The expression of the n-th term of an arithmetic sequence is
[tex]a_n=a_1+(n-1)\cdot d[/tex]The problem here is to find the initial value a1 and the value of d (common difference), then, let's write that equation for each value that we have, first, let's do n = 5
[tex]\begin{gathered} a_5=a_1+(5-1)\cdot d \\ \\ 11=a_1+4d \end{gathered}[/tex]Now let's repeat the process for n = 11
[tex]\begin{gathered} a_{11}=a_1+(11-1)\cdot d \\ \\ 29=a_1+10d \end{gathered}[/tex]Now we have a system of equations!
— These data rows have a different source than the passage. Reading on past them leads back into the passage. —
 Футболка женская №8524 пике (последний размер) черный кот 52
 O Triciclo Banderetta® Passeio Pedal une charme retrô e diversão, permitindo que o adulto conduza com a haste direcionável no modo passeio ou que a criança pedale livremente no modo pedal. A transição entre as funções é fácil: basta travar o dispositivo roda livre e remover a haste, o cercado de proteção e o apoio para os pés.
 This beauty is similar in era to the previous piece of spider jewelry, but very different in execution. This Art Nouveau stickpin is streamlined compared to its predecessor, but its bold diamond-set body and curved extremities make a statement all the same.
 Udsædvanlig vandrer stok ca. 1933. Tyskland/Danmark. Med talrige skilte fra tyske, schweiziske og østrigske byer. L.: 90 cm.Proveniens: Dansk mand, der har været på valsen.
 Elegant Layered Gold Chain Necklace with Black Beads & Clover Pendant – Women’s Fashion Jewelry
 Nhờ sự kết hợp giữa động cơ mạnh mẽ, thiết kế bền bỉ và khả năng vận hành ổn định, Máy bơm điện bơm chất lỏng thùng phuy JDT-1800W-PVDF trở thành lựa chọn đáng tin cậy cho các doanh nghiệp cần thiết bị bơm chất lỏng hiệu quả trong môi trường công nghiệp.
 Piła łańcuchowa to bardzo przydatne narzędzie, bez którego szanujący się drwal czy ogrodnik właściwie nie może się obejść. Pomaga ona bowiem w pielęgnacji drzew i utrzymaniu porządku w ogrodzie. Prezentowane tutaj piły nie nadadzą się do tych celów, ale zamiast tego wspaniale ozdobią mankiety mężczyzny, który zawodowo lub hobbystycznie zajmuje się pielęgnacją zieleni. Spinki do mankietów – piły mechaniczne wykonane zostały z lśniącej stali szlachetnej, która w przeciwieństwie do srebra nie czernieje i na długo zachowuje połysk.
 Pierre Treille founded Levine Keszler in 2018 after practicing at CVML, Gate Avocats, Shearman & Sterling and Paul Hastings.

[tex]\begin{cases}a_1+4d=11{} \\ a_1+10d=29{}\end{cases}[/tex]To solve that system we can subtract the equations
[tex]\begin{gathered} a_1-a_1+4d-10d=11-29 \\ \\ -6d=-18 \\ \\ d=\frac{18}{6} \\ \\ d=3 \end{gathered}[/tex]We can find a1 now because we have the value of d, we can use any of the two equations we wrote to do it, I'll use the first one
[tex]\begin{gathered} a_1+4d=11 \\ \\ a_1+4\cdot3=11 \\ \\ a_1+12=11 \\ \\ a_1=-1 \end{gathered}[/tex]Now we have all the term to write the rule of the n-th term,
[tex]\begin{gathered} a_n=a_1+(n-1)\cdot d \\ \\ a_n=-1+(n-1)\cdot3 \end{gathered}[/tex]The rule for the n-th term is
[tex]a_n=-1+3\cdot(n-1)[/tex]